Firstly, the Arabs must resolve to eliminate once and for all any notion of recourse to force in their mutual relations. Any disputes that arise among them, regardless of the passions they stir, must be resolved through peaceful means that may range from direct negotiations to arbitration. This, naturally, entails developing the relevant political, organisational and legal structures, including the establishment of an Arab Court of Justice, which is one of the proposals at hand for developing the Arab League. It also entails creating the procedures and machinery for enforcing the principle of non-aggression.
Secondly, Arab officials and opinion pundits must abandon that impractical and unrealistic all-or-nothing and all-at-once approach that ensured that such projects as the Arab Common Market and the Mutual Arab Defence Pact remained no more than ink on paper. We have much to learn, here, from the European experience, which evolved gradually in ever expanding circles, from a range of limited agreements between a handful of nations to the European Union we see today. Moreover, even after a half century of evolution, the EU has not yet reached a joint defence agreement even if work towards this end has not abated. The arduous negotiations involved in drafting the EU constitution alone supplies a host of concrete lessons in the business of forging a viable edifice for regional integration.

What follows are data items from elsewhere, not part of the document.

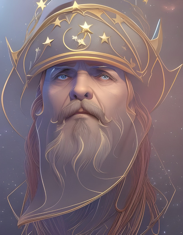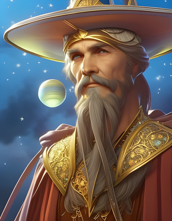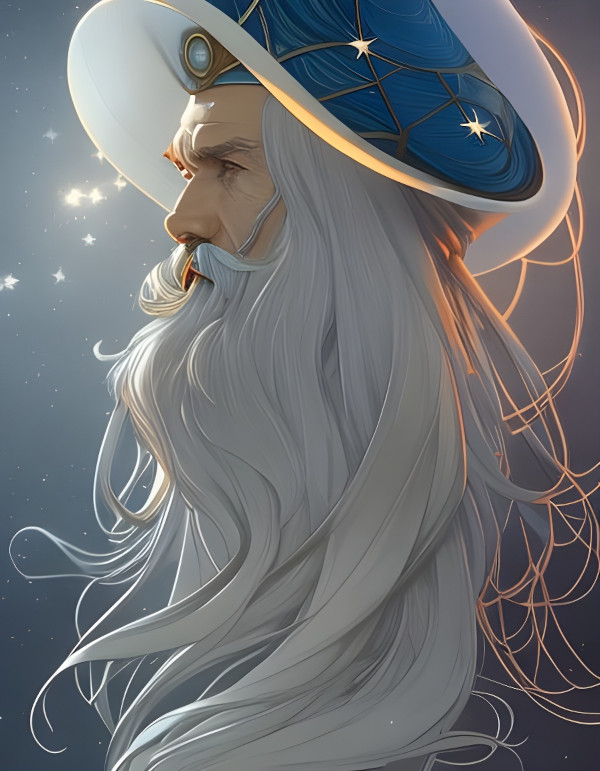 Created on NightCafe with prompt - old wizard with pointy hat, stars and planets decorate the hat, head and shoulders portrait, 8k resolution concept art portrait by Greg Rutkowski, Artgerm, WLOP, Alphonse Mucha dynamic lighting hyperdetailed intricately detailed Splash art trending on Artstation triadic colors Unreal Engine 5 volumetric lighting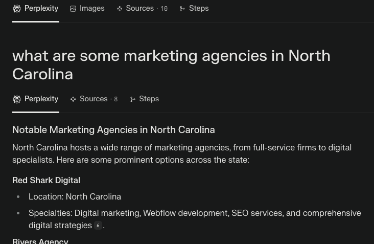That’s exactly why Red Shark Digital appears in Perplexity’s answers to questions like, “What are some marketing agencies in North Carolina?” We didn’t just optimize a page or chase a trend: We’ve earned that spot from invested time building a deep, strategic content library on our own site, testing it in the real world, and using it to establish authority across both traditional search engines and AI-generated platforms, consistently ranking ahead of our competitors.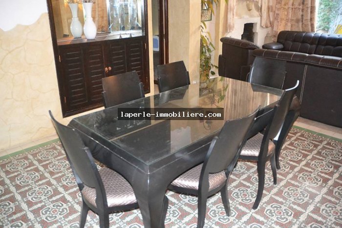 La Villa compte une vaste salon moderne et une autre de style arabe, une salle à manger, deux chambres à coucher, une salle de bain et une cuisine bien équipée.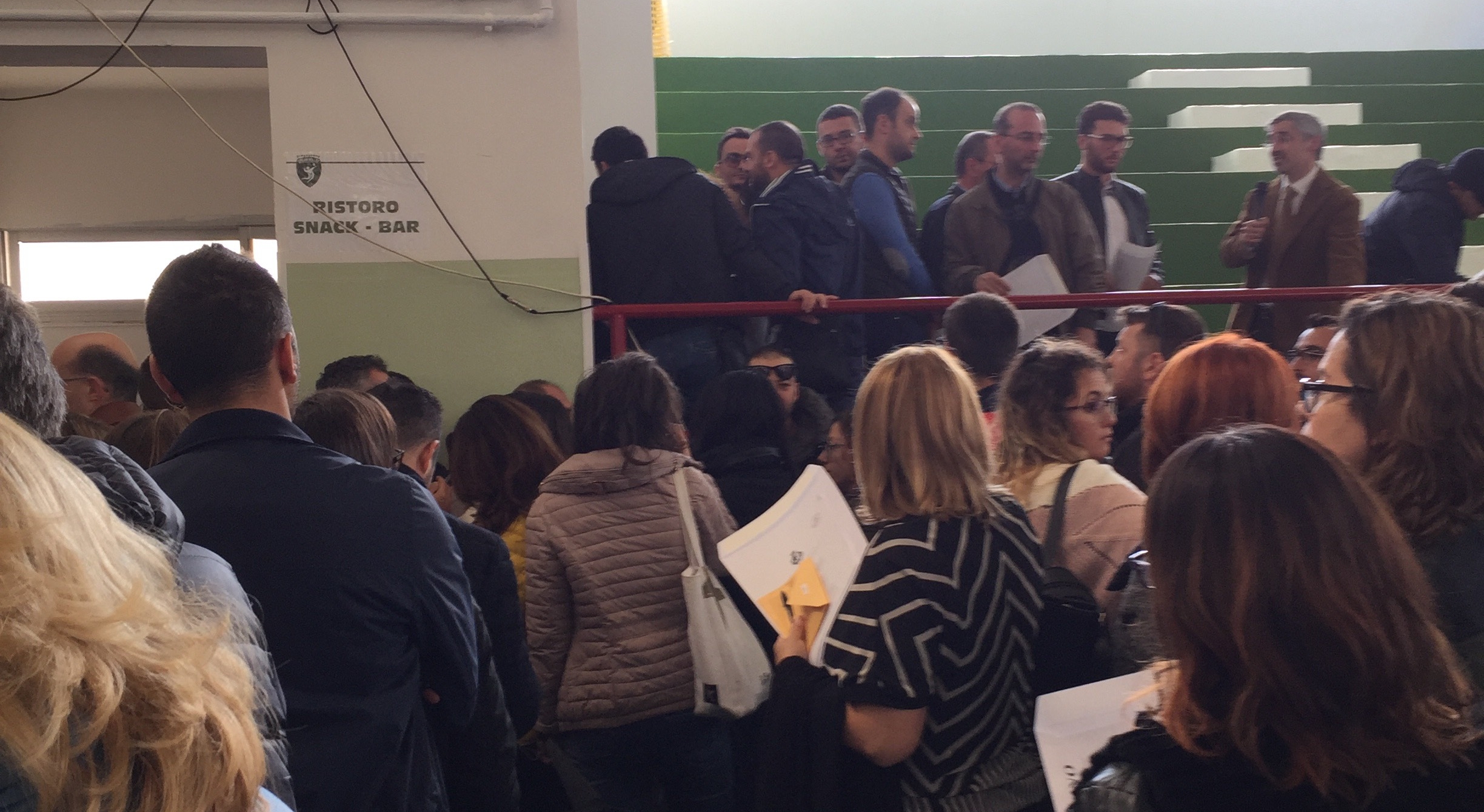 «E’ stata scelta la busta e, quando hanno iniziato a fotocopiare il foglio contenente le domande a risposta multipla, si è inceppata la macchina fotocopiatrice. Quest’operazione è proseguita all’esterno dell’ambiente prescelto quindi, potenzialmente, domande e risposte potevano essere comunicate ai candidati attraverso il telefonino. Al termine della prova, nessuno ha ritirato le buste: ci hanno chiesto di consegnarle ad un incaricato. Nella lunga fila che si è formata, con le buste ancora aperte, tutti avevano la possibilità di confrontarsi con i colleghi o di utilizzare il telefonino. Io ho chiamato ai carabinieri, ma mi è stato risposto che il controllo era delegato ai rappresentanti della Prefettura e alla Guardia di Finanza, che doveva essere presente in borghese».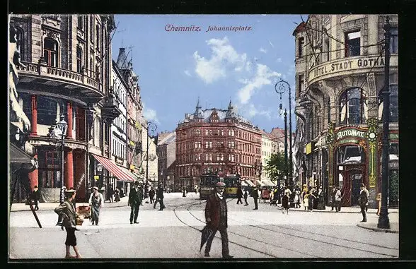 AK Chemnitz, Partie am Johannisplatz, Strassenbahn

The third principle is to broaden the scope of participation. Experts in political affairs, law, economics and other fields have important contributions to offer in the formulation of viable structures and projects for inter-Arab cooperation. This point was driven home to me at the recent Al-Ahram seminar in Dubai on Egyptian-Gulf relations, during which I was impressed by the mere range and scope of ideas for stimulating and promoting Arab cooperation. At the same time, I was sobered by the severity of the criticism levelled at current performance of Arab economic cooperation as manifested in the paltry figures of inter-Arab trade. Simply to consider this reality in the context of countries that are supposedly to come together in an Arab Common Market throws into relief the extent of the gap between theory as laid down in the text of their agreement and actual practice.
The fourth principle, which stems directly from the foregoing, is that the institutional frameworks and structures for Arab cooperation must be scaled to realities on the ground. The importance of this principle cannot be overestimated, for the lack of harmony between structural systems and concrete realities only produces cacophony and, ultimately, public dissatisfaction and, perhaps, despair. For example, there have been bitter disputes between Arab countries that could not be resolved within the existing inter-Arab organisational frameworks and were therefore brought to international bodies for arbitration or mediation. This, in turn, worked to further undermine public confidence in the ability of Arab governments to collaborate effectively towards a common goal.
If we take the above-mentioned principles to heart, there should be no reason why we cannot seize the present to give a significant boost to the scope and quality of Arab cooperation. Looking back on our own experience and at that of such successful projects as the EU and ASEAN we also have a number of key words to keep us on course. Among these are realism and the respect for the individuality of every Arab country.